### Task item
An exact copy of the listing below is required, minus its pictures.

Dataset extract START

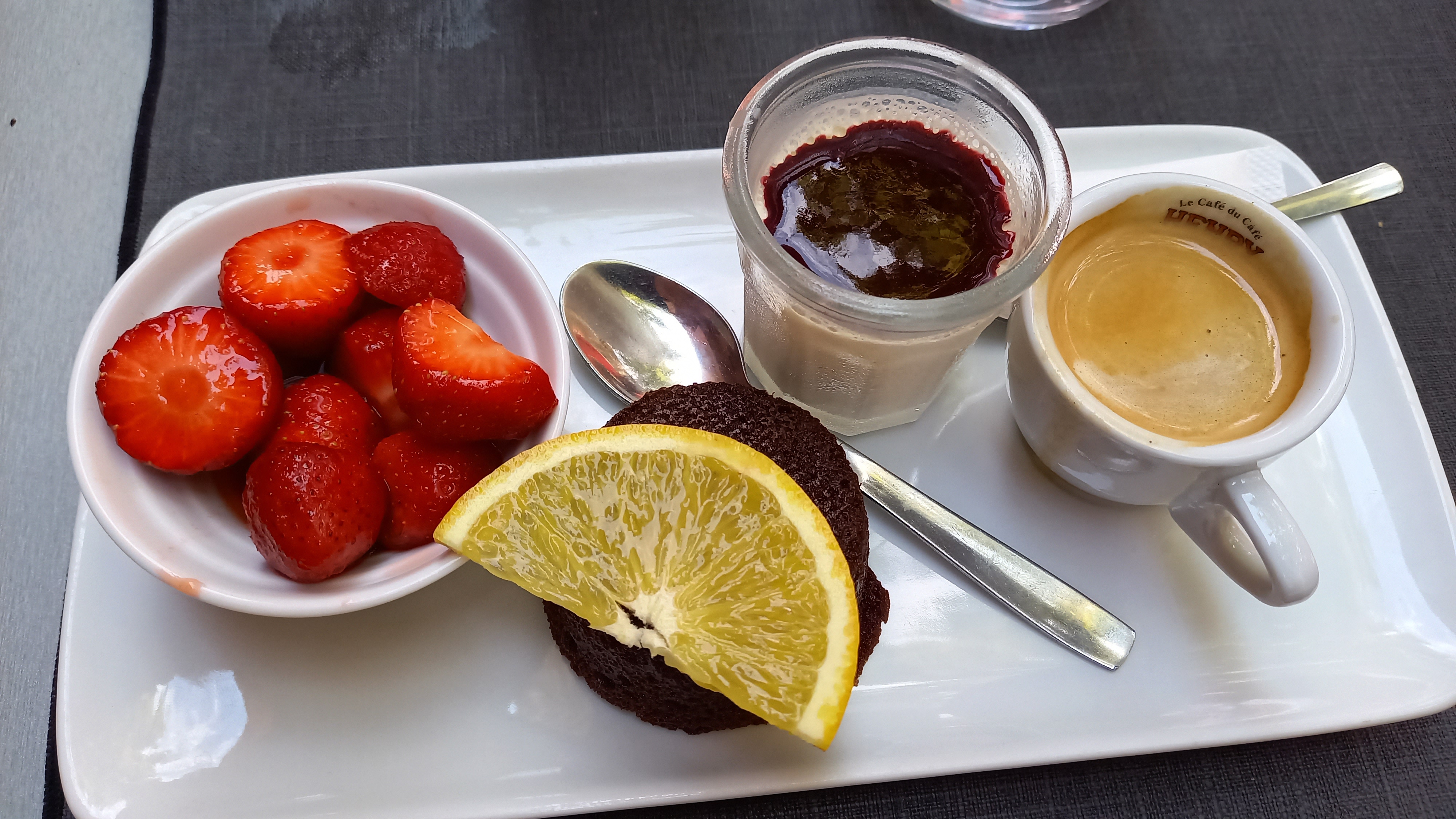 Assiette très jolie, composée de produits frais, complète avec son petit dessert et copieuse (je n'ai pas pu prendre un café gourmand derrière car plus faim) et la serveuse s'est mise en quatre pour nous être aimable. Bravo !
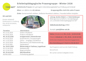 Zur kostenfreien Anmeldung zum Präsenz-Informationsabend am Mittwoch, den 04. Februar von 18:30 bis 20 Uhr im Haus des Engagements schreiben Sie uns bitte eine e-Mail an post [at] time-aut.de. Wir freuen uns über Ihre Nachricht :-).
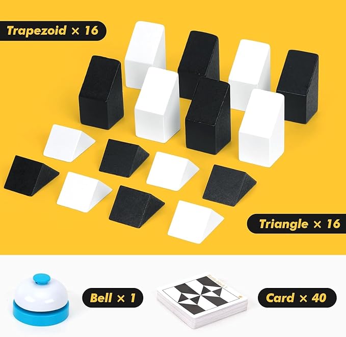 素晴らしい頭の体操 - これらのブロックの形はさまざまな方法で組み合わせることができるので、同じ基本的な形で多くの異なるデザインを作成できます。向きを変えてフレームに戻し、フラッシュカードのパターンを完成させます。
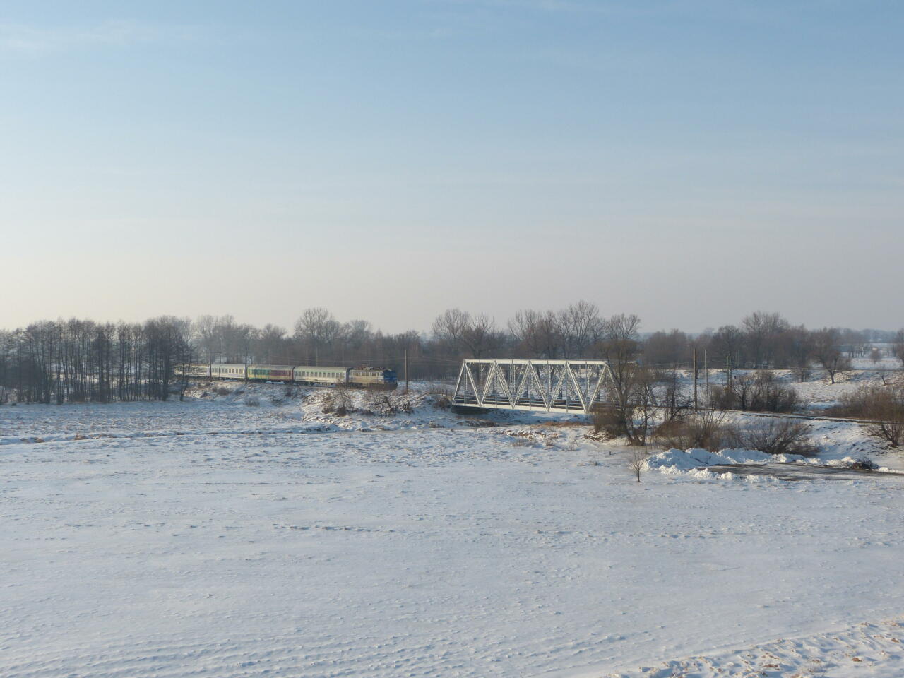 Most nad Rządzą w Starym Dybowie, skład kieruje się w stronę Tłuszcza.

Dataset extract END

### Your solution
 Assiette très jolie, composée de produits frais, complète avec son petit dessert et copieuse (je n'ai pas pu prendre un café gourmand derrière car plus faim) et la serveuse s'est mise en quatre pour nous être aimable. Bravo !
 Zur kostenfreien Anmeldung zum Präsenz-Informationsabend am Mittwoch, den 04. Februar von 18:30 bis 20 Uhr im Haus des Engagements schreiben Sie uns bitte eine e-Mail an post [at] time-aut.de. Wir freuen uns über Ihre Nachricht :-).
 素晴らしい頭の体操 - これらのブロックの形はさまざまな方法で組み合わせることができるので、同じ基本的な形で多くの異なるデザインを作成できます。向きを変えてフレームに戻し、フラッシュカードのパターンを完成させます。
 Most nad Rządzą w Starym Dybowie, skład kieruje się w stronę Tłuszcza.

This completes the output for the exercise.